Copy the data below exactly, but not the pictures it contains.

Input data:
****************************************
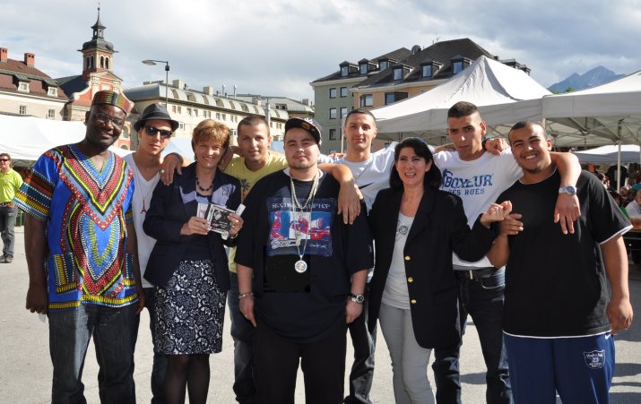 Bei strahlendem Sonnenschein fand das erste Revival des großen Public Viewing Festes anlässlich der Fußball WM dann einen runden Abschluss: Kulturstadträtin Univ.-Prof. Dr. Patrizia Moser las am Vormittag integrative Texte und eine Geschichte im Rahmen des „Weltfrühstückes“. Nach einem Konzert der Innsbrucker HipHop-Gruppe Kingsbrook am Nachmittag übergaben die jungen Künstler der Bürgermeisterin um 17.00 Uhr ein ihr gewidmetes Lied.
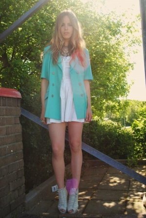 화이트 원피스에 에메랄드컬러의 반팔재킷!
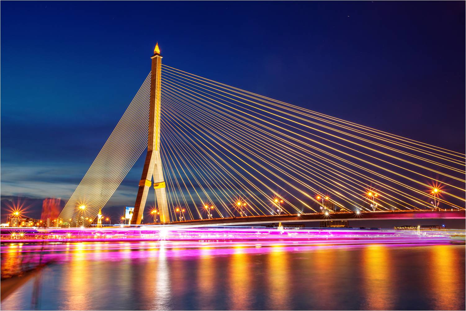 Eine faszinierende Schrägseilbrücke namens „Rama-VIII-Brücke“ wurde in der thailändischen Hauptstadt Bangkok offiziell eröffnet, die mit etwas mehr als zwei Kilometern den Fluss Chao Phraya überspannt.
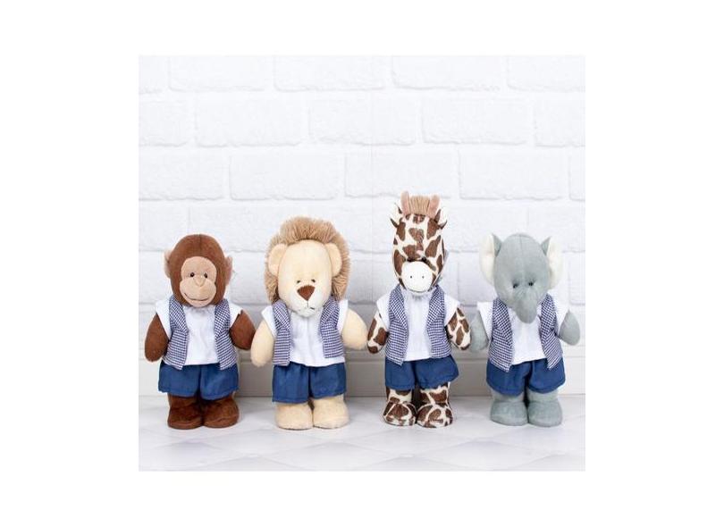 KIT PELUCIA SAFARI EM PÉ 20cm : LEÃO, ELEFANTE, MACACO, GIRAFA - CKD C
****************************************
Task solution:
 Bei strahlendem Sonnenschein fand das erste Revival des großen Public Viewing Festes anlässlich der Fußball WM dann einen runden Abschluss: Kulturstadträtin Univ.-Prof. Dr. Patrizia Moser las am Vormittag integrative Texte und eine Geschichte im Rahmen des „Weltfrühstückes“. Nach einem Konzert der Innsbrucker HipHop-Gruppe Kingsbrook am Nachmittag übergaben die jungen Künstler der Bürgermeisterin um 17.00 Uhr ein ihr gewidmetes Lied.
 화이트 원피스에 에메랄드컬러의 반팔재킷!
 Eine faszinierende Schrägseilbrücke namens „Rama-VIII-Brücke“ wurde in der thailändischen Hauptstadt Bangkok offiziell eröffnet, die mit etwas mehr als zwei Kilometern den Fluss Chao Phraya überspannt.
 KIT PELUCIA SAFARI EM PÉ 20cm : LEÃO, ELEFANTE, MACACO, GIRAFA - CKD C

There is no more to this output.